- Assignment:
Please transcribe the listing that follows exactly; images are to be excluded.

- Extracted records:

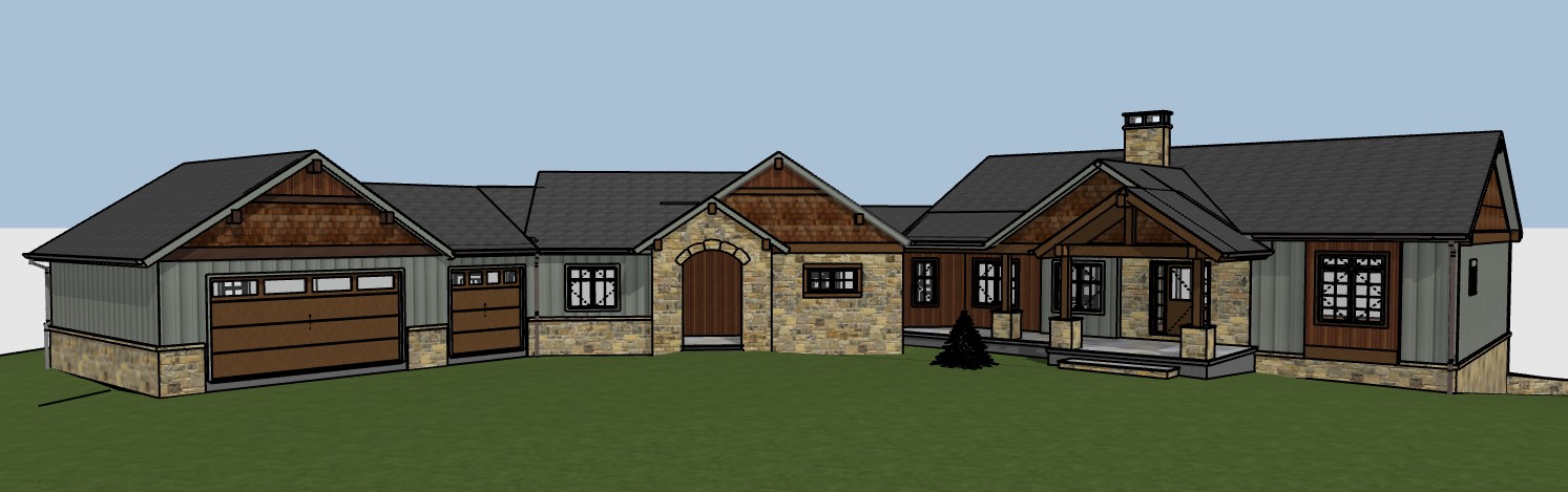 make photorealistic keeping architecture materials and colors the same adding light landscaping driveway walkway and low mountains in background
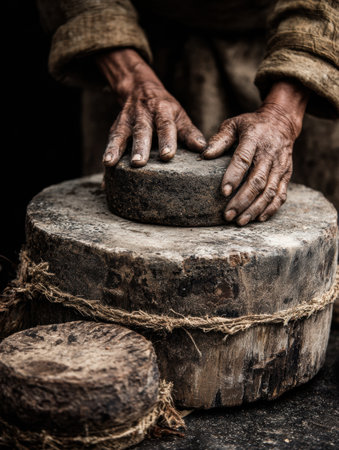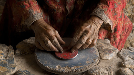 An artisan skillfully shapes pottery using a stone wheel, highlighting traditional craftsmanship. The image captures the intricate details of hands working with natural materials, demonstrating the artistic process in a rustic workshop setting.
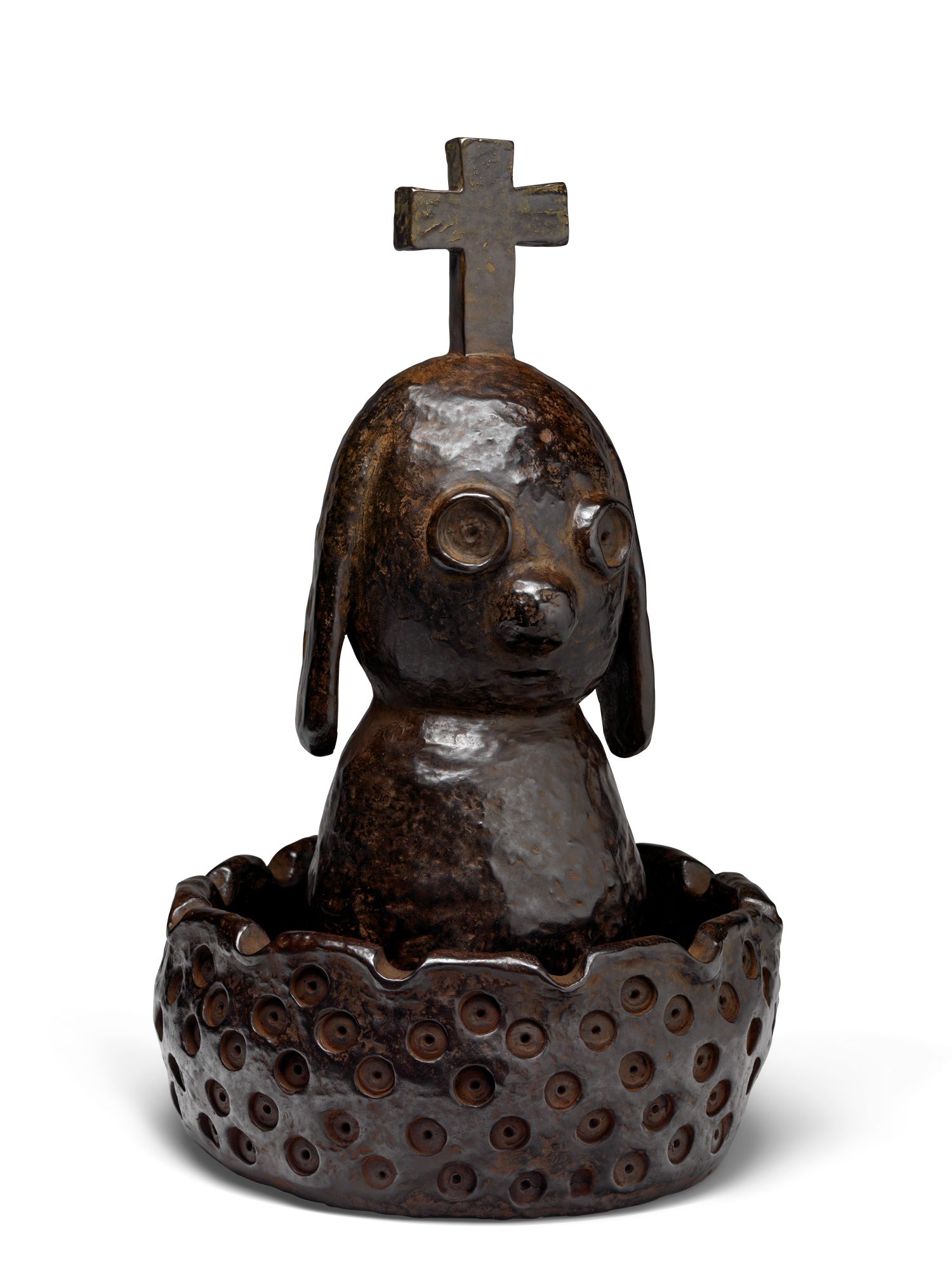 In ‘Last Supper Ashtray’ – uit 2014 - zit een hond met een kruis op zijn kop in een asbak. Waar kunnen we (nog) in geloven als we die sculptuur duiden? Schenk: ‘Jezus is in de loop der eeuwen door tal van dieren gesymboliseerd, onder andere door de vis, het lam, de pelikaan, en (….) ook door de mythische vogel Phoenix. Dus waarom niet ook door een puppy? Dieren zijn in het werk van Van den Toorn vaak brengers van vriendschap en troost.’
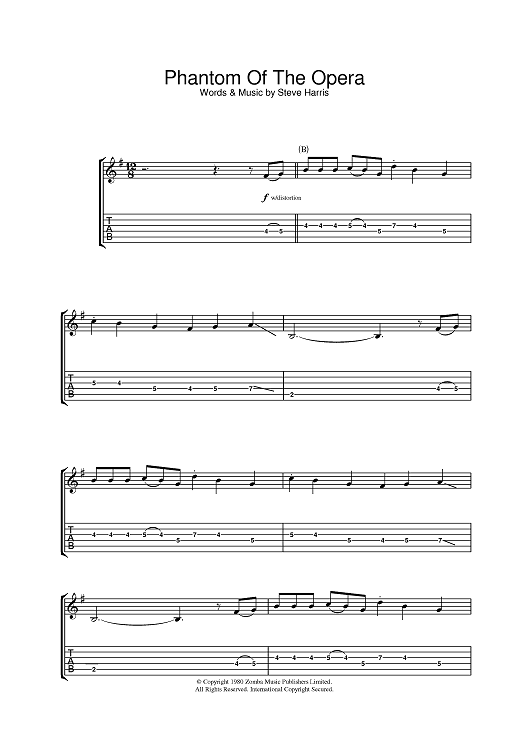 Digital Sheet Music for The Phantom Of The Opera by Steve Harris, Iron Maiden scored for Guitar Tab; id:385117
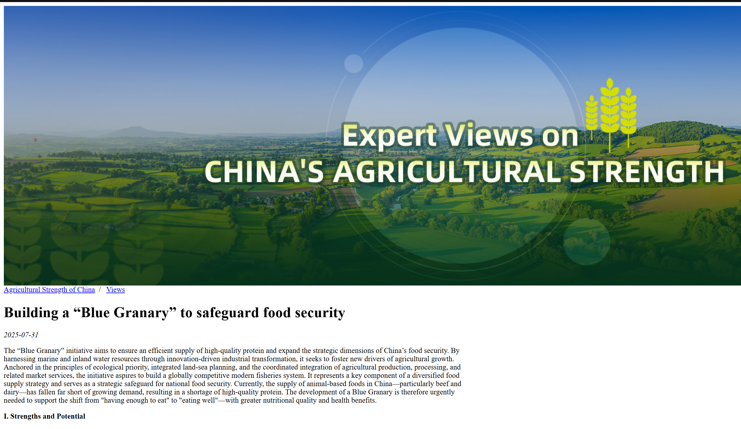 任彦军教授在China Daily上指出:建设“蓝色粮仓”,保障粮食安全

- Answer box:
 make photorealistic keeping architecture materials and colors the same adding light landscaping driveway walkway and low mountains in background
 An artisan skillfully shapes pottery using a stone wheel, highlighting traditional craftsmanship. The image captures the intricate details of hands working with natural materials, demonstrating the artistic process in a rustic workshop setting.
 In ‘Last Supper Ashtray’ – uit 2014 - zit een hond met een kruis op zijn kop in een asbak. Waar kunnen we (nog) in geloven als we die sculptuur duiden? Schenk: ‘Jezus is in de loop der eeuwen door tal van dieren gesymboliseerd, onder andere door de vis, het lam, de pelikaan, en (….) ook door de mythische vogel Phoenix. Dus waarom niet ook door een puppy? Dieren zijn in het werk van Van den Toorn vaak brengers van vriendschap en troost.’
 Digital Sheet Music for The Phantom Of The Opera by Steve Harris, Iron Maiden scored for Guitar Tab; id:385117
 任彦军教授在China Daily上指出:建设“蓝色粮仓”,保障粮食安全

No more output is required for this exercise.